China cracks down on shoddy statues of chairman Mao Zedong

Written By Ben Blanchard | Updated:

Tourists who flock to Mao's birthplace in Shaoshan in central Hunan province have complained that some statues they buy as mementos are substandard.

China, no stranger to product quality scandals, will extend its crackdown to statues of Mao Zedong, the founder of the modern communist state, sold to tourists.

Tourists who flock to Mao's birthplace in Shaoshan in central Hunan province have complained that some statues they buy as mementos are substandard, the official Xinhua news agency said.

"Some souvenirs sold were physically disproportional while others were made with low-quality materials in a slipshod way," the report paraphrased local official Jiang Tao as saying.

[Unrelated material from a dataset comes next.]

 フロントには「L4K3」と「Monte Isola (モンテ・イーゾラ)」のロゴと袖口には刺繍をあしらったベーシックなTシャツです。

"The move is expected to curtail the production and sale of low-quality Mao statues that harm the tourism market and people's feeling for the great man," Jiang said.

From July 1, all Mao statues sold in Shaoshan must meet new technical criteria or could be confiscated and destroyed, Xinhua said.

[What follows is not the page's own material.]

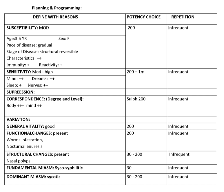 In cases of recurrent worm infestation, homoeopathic physicians consider not only the presence of parasites but also the constitutional characteristics of the child. Treatment is selected based on: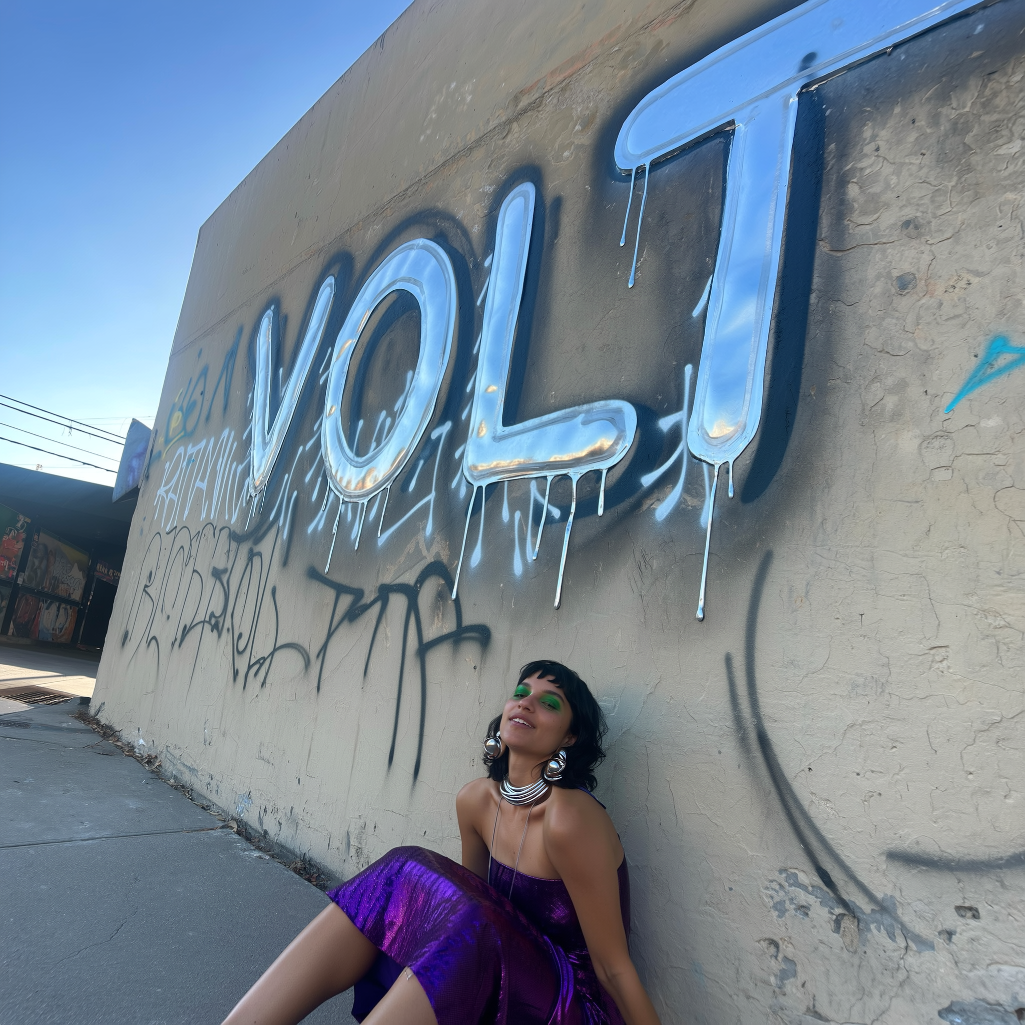 She has striking green eyebrows and wears a deep purple wrap skirt, her reflective silver jewelry catching subtle silvery highlights from the metallic graffiti. The scene is set against a weathered concrete wall with faint graffiti textures around the chrome letters. Natural daylight softly illuminates the scene, enhancing the reflective surfaces and casting gentle shadows. The photo is taken with a casual, slightly tilted angle from eye level, typical of spontaneous iPhone photography, capturing authentic street ambiance and raw urban textures with realistic imperfections.

The Shaoshan statue market is worth more than 100 million yuan ($14.65 million) in sales a year, it said.

Mao remains a popular figure in China more than three decades after his death, despite the chaos of the Great Leap Forward and Cultural Revolution that he oversaw.

His face remains on the national currency and drivers often dangle his image from their rear-view mirrors for good luck.